Topics of Discussion
How do you do it?

wisdom from the Preemie-l e-mail group           http://www.preemie-l.org

Tamara offers, "Sometimes religion helps me answer questions like these. I always answer "He gives us the strength we need". Another question that I have a pat answer for is the polite "How is your little boy doing?". We have been in the hospital three times this year alone but I don't feel like sharing every crisis in our life with every person. My answer is "He is getting big"."

Sharon responds, "I kind of say the same thing. I'm just a mom doing what I have to do. And my other one since Glen is my 1st child is that this may not be what you think is "normal" but this is normal for me.
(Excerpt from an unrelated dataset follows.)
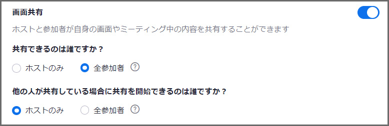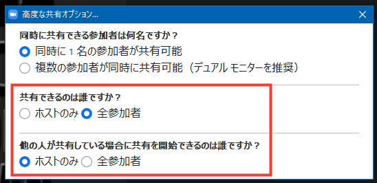 反対に、ホスト、共同ホストだけしか画面共有ができないようにするには、ここのチェックが外れた状態にします。
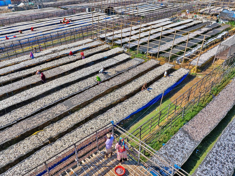 In the heart of the fishing community, fish are meticulously laid out under the sun to dry, a process known as "shutki polli." The scene captures the hardworking spirit of the people as they prepare dried fish, a staple of local cuisine and a time-honored tradition.

I don't know any different."

Helen quips, "When a doctor asked us "How do you do it, how do you cope?" I answered, "Well, we drink a lot." My husband, in tones of mock outrage, contradicted me "That's not true!!!" he said, "We don't drink nearly enough!" When asked how our marriage has survived, we say, "We simply haven't had time to consider the alternatives." "

Lori remembers, "It was about two weeks ago someone asked me how old that I was, and I said "26." And she said "did you ever think that you would have gone through so much when that you are still so young?" And I said "no, I would have never dreamed in a million years that I would have a 26 weeker, after having 2 other boys, and that I would go through all the things that we have been through with Christopher." She then looked at me, and said, "Would you do it all over again?" I immediately said without hesitation, "In a heart beat! Christopher has taught me so much, about myself, life and love, I would not take that back for anything in this world!" And she said, "Even if you could have had a healthy baby?" And I told her "no, I would not have the appreciation for life, if it wasn't for Christopher showing me just how precious life really is."
I just had to put my two cents in on this. I think that I will always remember those questions, because that is the first time that I have heard myself say that I would not change anything about what happened or how it happened. I am happy with the way that things turned out, and I am not afraid to say it. He is precious just the way that he is."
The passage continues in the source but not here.